Elder Mill

Spinning (ring mill)
- Location: Romiley, Stockport, Greater Manchester
- Serving canal: Peak Forest Canal
- Further ownership: Lancashire Cotton Corporation (1930s); Courtaulds (1964);
- Coordinates: 53°24′41″N 2°05′47″W﻿ / ﻿53.4114°N 2.0963°W

Construction
- Completed: Late 19th century

Power
- Engine maker: Daniel Adamson
- Engine type: 600hp
- Valve Gear: vertical cross compound engine
- Cylinder diameter and throw: 3ft
- rpm: 106
- Installed horse power (ihp): 600hp
- Flywheel diameter: 16ft

References

= Elder Mill, Romiley =

Cotton mill in Stockport, Greater Manchester, England

Elder Mill, Romiley was a cotton spinning mill in Romiley, Stockport, Greater Manchester. It was taken over by the Lancashire Cotton Corporation in the 1930s and passed to Courtaulds in 1964.

== Location ==
Romiley, or Chadkirk is a village within the Metropolitan Borough of Stockport, in Greater Manchester, England, located 7.9 mi south east of Manchester, 5.1 km east of Stockport and 4 km south of Hyde. It comprises 1089 acre; the surface is undulated, the soil clay, with a little sand. Coal is found at a great depth, but is not wrought; and there is a stone-quarry. Several large cotton-mills are in operation. The River Etherow here took the name of the River Mersey though today it is considered that the Etherow is a tributary of the River Goyt. The Peak Forest Canal and the Sheffield and Heybridge tramway, passed through the area.
 Elder mill was situated by the Peak Forest Canal near the Hatherlow Mills.

== History ==
This stretch of the Goyt, shares much of it history with Stockport whose textile tradition started with the silk industry in the late 17th Century.

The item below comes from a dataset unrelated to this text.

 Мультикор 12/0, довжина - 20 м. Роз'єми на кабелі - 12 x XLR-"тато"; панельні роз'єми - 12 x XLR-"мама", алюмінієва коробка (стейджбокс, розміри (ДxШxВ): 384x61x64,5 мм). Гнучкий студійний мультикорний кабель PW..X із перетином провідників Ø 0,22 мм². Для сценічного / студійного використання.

By the 18th century the manufacture of silk was dominating the economic life of the town. Large silk mills, such as Carrs Mill, Park Mill and Adlington Square Mill, became the major employers of the town. By 1769 nearly 2,000 people were employed in the town's silk trade. In 1772 the silk industry was in depression and the town turned to cotton. Chadkirk was known for bleaching, where finished cloth was left stretched over tenter frames over the landscape. It was bleached by the sun. Clues to this activity can be found in the place names; place names such as whitehill or whitefield. Though an important early milltown Stockport was very late in embracing the joint stock limited liability company boom. The first mill to be financed by that method was Vernon Mill. Elder Mill was such a late nineteenth century mill.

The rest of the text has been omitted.